El sistema de alianzas familiares, así como la distribución de tareas y funciones en la
familia se hacen mucho más complejos: es una nueva transición psicosocial en la familia. Se
llega a nuevos “acuerdos implícitos” con respecto al valor y posibilidad de expresión de las
motivaciones (de necesidad, de ternura, de la ira, de qué vale la pena conocer…). El niño o
niña comienza a construirse su propia idea de lo que quiere ser: “Pues si no me dejas, ya no te
querré más… No quiero ser como tú: Quiero ser como papá” (o como el tío/a, el maestro/a,
el tutor/a…). Los cambios en los padres, no por menos visibles son menos importantes. El
padre ha de aprender a vivir con un “competidor” de las atenciones de su esposa y ésta, a
“repartir” y dosificar sus expresiones de amor, ternura, dedicación...
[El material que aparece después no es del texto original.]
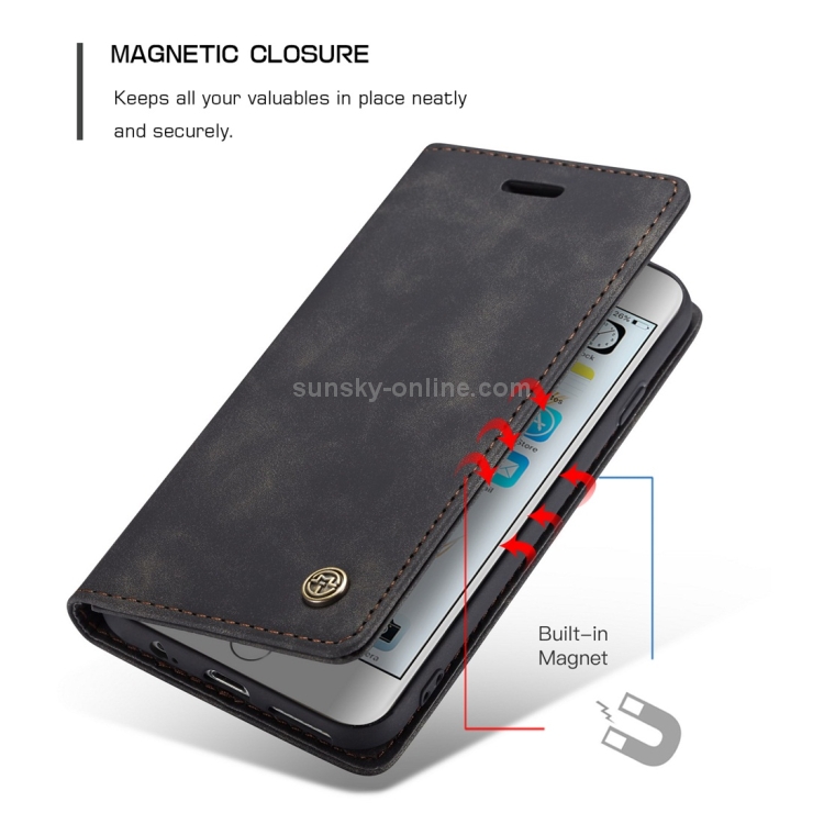 Estuche Multifuncional Caseme-013 de Cuero con Tapa Horizontal para iPhone 6 / 6S, Ranura Tarjeta, Soporte y Billetera (Negro)

Como decía más arriba, la transición psicosocial que supone el logro del "niño
narrativamente competente" (que puede sentir y transmitir sus emociones, deseos y
conflictos: Emde, 1994, 1999), podría facilitar enormemente la integración escolar con
placer. En realidad, en esa edad es cuando sí que conviene que los niños acudan a las
instituciones escolares: Es cuando se hallan emocionalmente e intelectualmente
(cognitivamente) preparados para hacerlo y lo desean (Alexander, 2009; Vahtera, 2009).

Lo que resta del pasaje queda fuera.